D’autres mouvements sonores sont aussi à souligner, notamment pour leur côté éruptif, brouillant la linéarité du quotidien de la famille Höss, comme s’il s’agissait d’une manifestation parasite tapie dans le revers de l’espace filmé. Cette dimension autre dont on sent qu’elle existe par la propagation aléatoire d’une voix parasite durant tout le film, se retrouve aussi au niveau visuel, par l’intermédiaire d’une opposition très marquée entre les trois couleurs principales : le noir, le blanc et le rouge avec pour nuances complémentaires le gris, le brun et le vert. Cette opposition se manifeste dès l’ouverture du film où l’écran noir cède la place à un paysage champêtre baigné de lumière. Contraste que l’on retrouve aussi symboliquement, lorsque l’on découvre le jardin de la maison Höss, parfaitement entretenu, avec des enfants qui jouent, et en arrière-plan l’imposante silhouette d’un mirador derrière un mur de séparation en béton surplombé de barbelés électrifiés. Jeux d’enfants et mirador se télescopent dans la même image. Innocence et surveillance concentrationnaire, pour ne pas dire mort, au même endroit, à la même place. Il n’y a pas de rupture de ton, les deux font partis du même espace, et c’est cela qui rend la chose inquiétante.

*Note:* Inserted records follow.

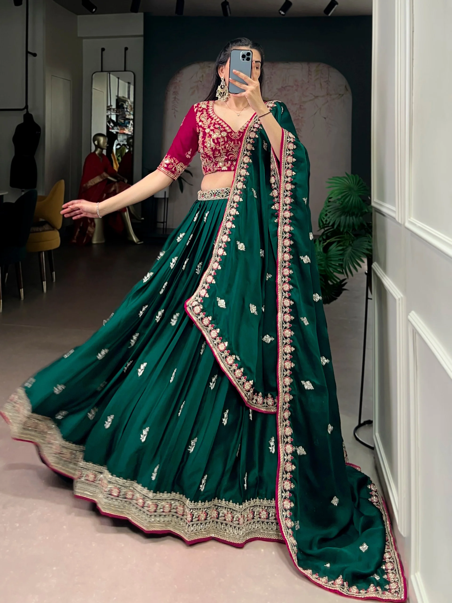 Select options This product has multiple variants. The options may be chosen on the product pagePremium Sequence & Thread Work Satin Silk Lehenga Set
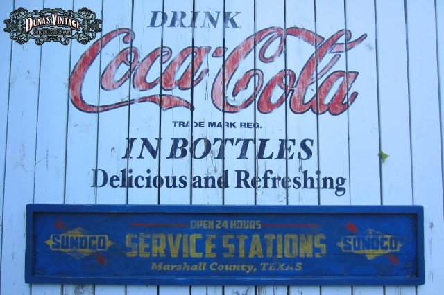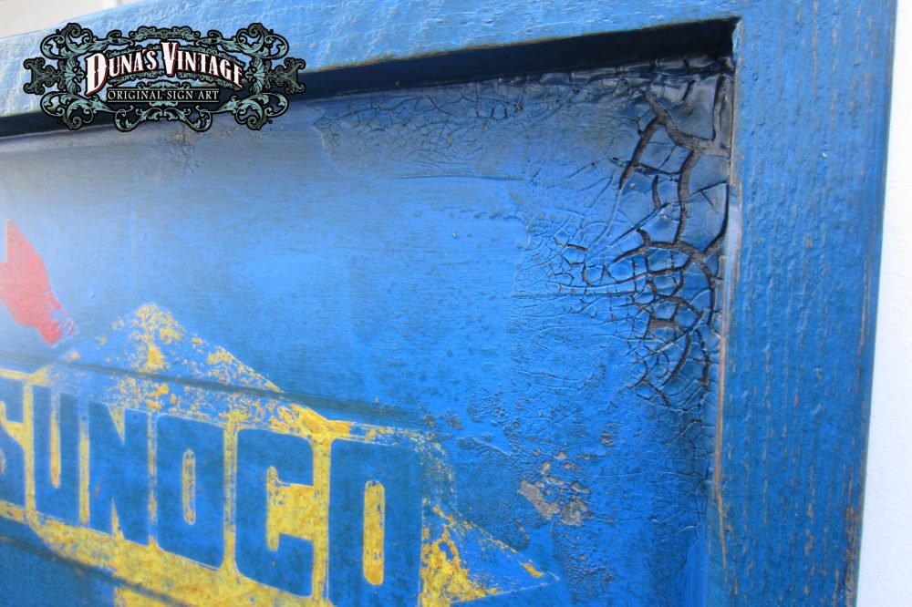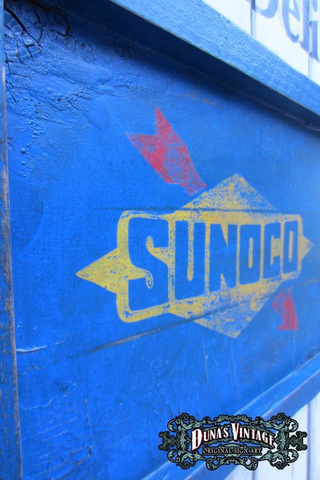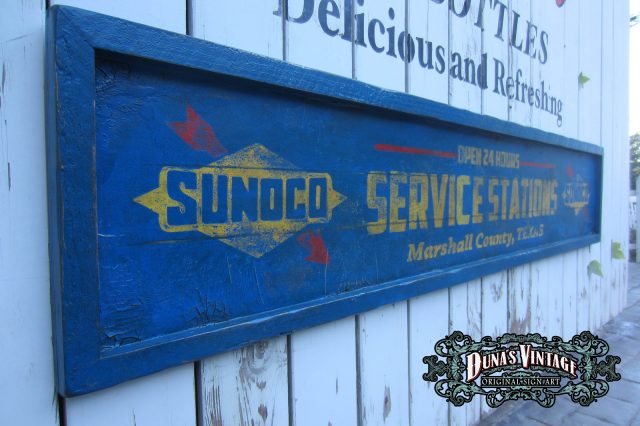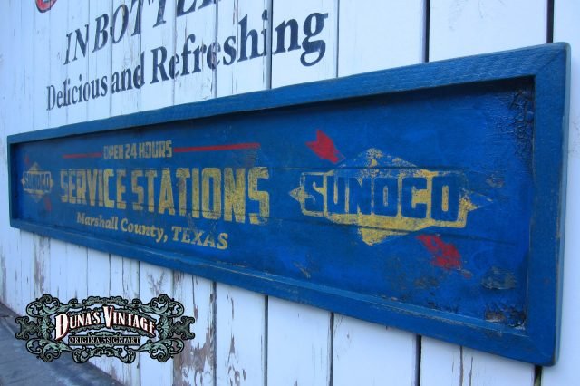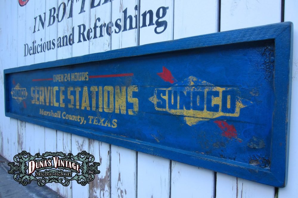 Cartel «SUNOCO SERVICE STATIONS» tamaño 1920X380mm. Este cartel esta tratado con el efecto Retro que Duna´s Vintage emplea en sus carteles.
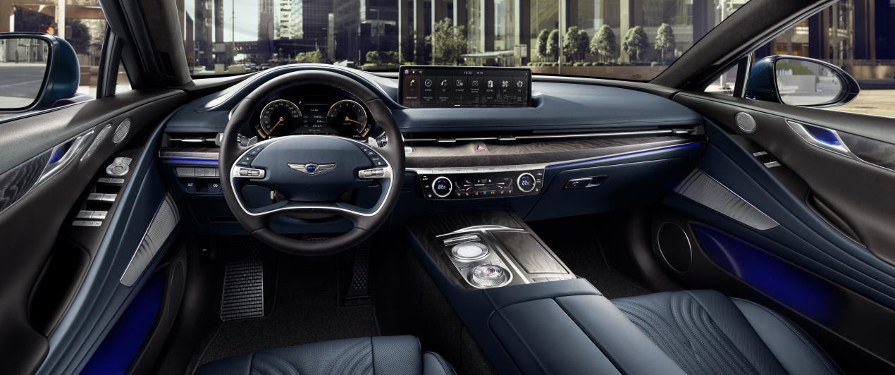 G80’s leading interior space has been further developed. Both headroom and legroom were increased by lowering the seating height of the second row, allowing for both more interior room and a more dramatic roofline. Completing the space, the G80 features leather seating, steering wheel surfaces, soft-touch fabrics and coatings as well as open pore wood trim finishes.
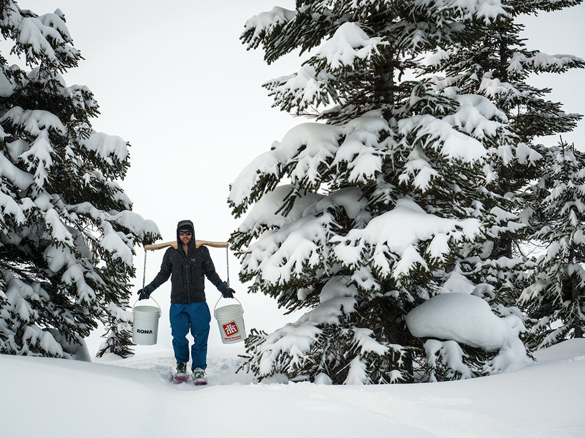 Hoji is knocking over sh#t towers in the outhouses. He certainly isn’t doing it for fun; it’s just part of his inborn compulsion to keep all the elements of a mechanism running efficiently. One moment he’s skinning up from the water hole slinging two buckets from a yoke, another he’s fiddling with the propane heater, then he’s carrying in firewood and shortly thereafter shoveling the roof. And when daylight fades, he toils late into the evening on someone else’s skins, boots, bindings or whatever other contraption needs repair. Of course, that’s all standard Eric “Hoji” Hjorleifson stuff. But on this two week trip, aside from throttling down burly lines for Matchstick Productions’ cameras, for $75/day he’s assumed the job as the hut’s official custodian. So, prior to popping down pillows of dreamy powder he’s busy toppling poo. Which he’d probably be doing anyway, whether you paid him to or not.
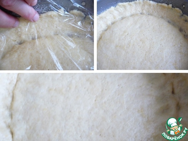 Или руки припылить мукой, разровнять тесто по форме.
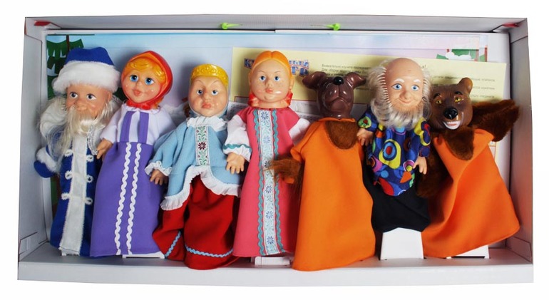 От одной бабушки одежка, от другой бабушки и тети - большой набор Кукольный театр от фабрики "Весна". С куклами, ширмой, сценарием и декорациями. Я как-то такие наборы стороной обходила, не нравилось мне качество, а тут взглянула и впечатлилась: очень красивые и реалистичные лица кукол, качественно сшитая одежда.
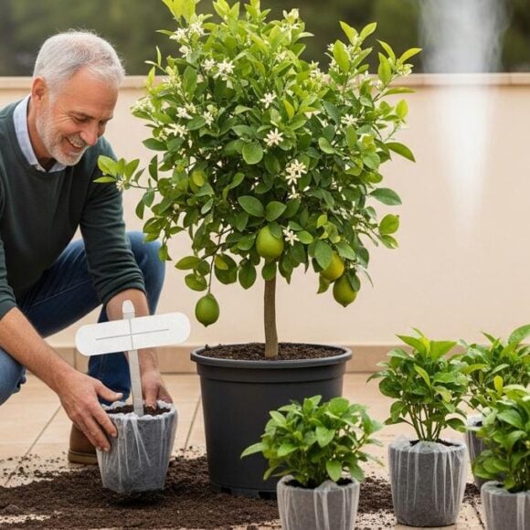 Citronnier en pot: plantez des couverts en plastique pour empêcher le grattage du terreau et protéger les racines
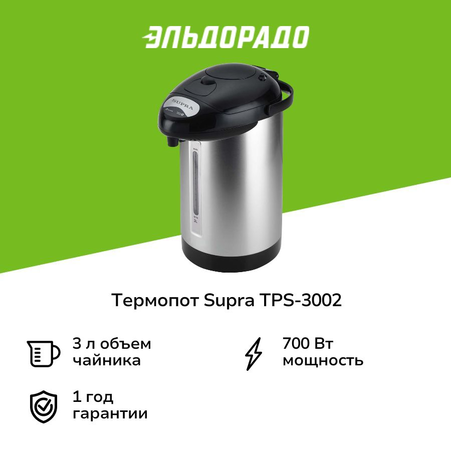 Термопот Supra TPS 3002 Термопот SUPRA объемом 3.8 л отличается компактными размерами и минимальными, но в то же время самыми необходимыми характеристиками. Высокая мощность 760 Вт при кипячении и мощность 35 Вт при поддержании температуры позволяют потреблять оптимальное количество электроэнергии. С помощью индикатора уровня воды вы всегда сможете узнать, сколько воды в термопоте осталось и сколько необходимо добавить.

Mais on peut aussi opposer la fumée noire sortant de la cheminée des fours crématoires, toujours filmée en arrière-plan, au ciel bleu, à la lumière du jour, aux fleurs bigarrées du jardin, dont le réalisateur s’attarde sur l’une d’entre-elles, de couleur rouge, celle de l'affiche polonaise, disparaissant en fondu pour ne devenir qu’un aplat, écarlate comme le sang.
Le réalisateur fait ainsi coexister des contraires dans le même lieu, au point parfois qu’ils se mélangent ou se confondent insidieusement. L’exemple des cendres se déversant dans la rivière où se baigne la famille Höss, ou alors, en plein hiver, derrière une fenêtre on ne sait plus très bien si ce sont des flocons qui tombent ou des cendres.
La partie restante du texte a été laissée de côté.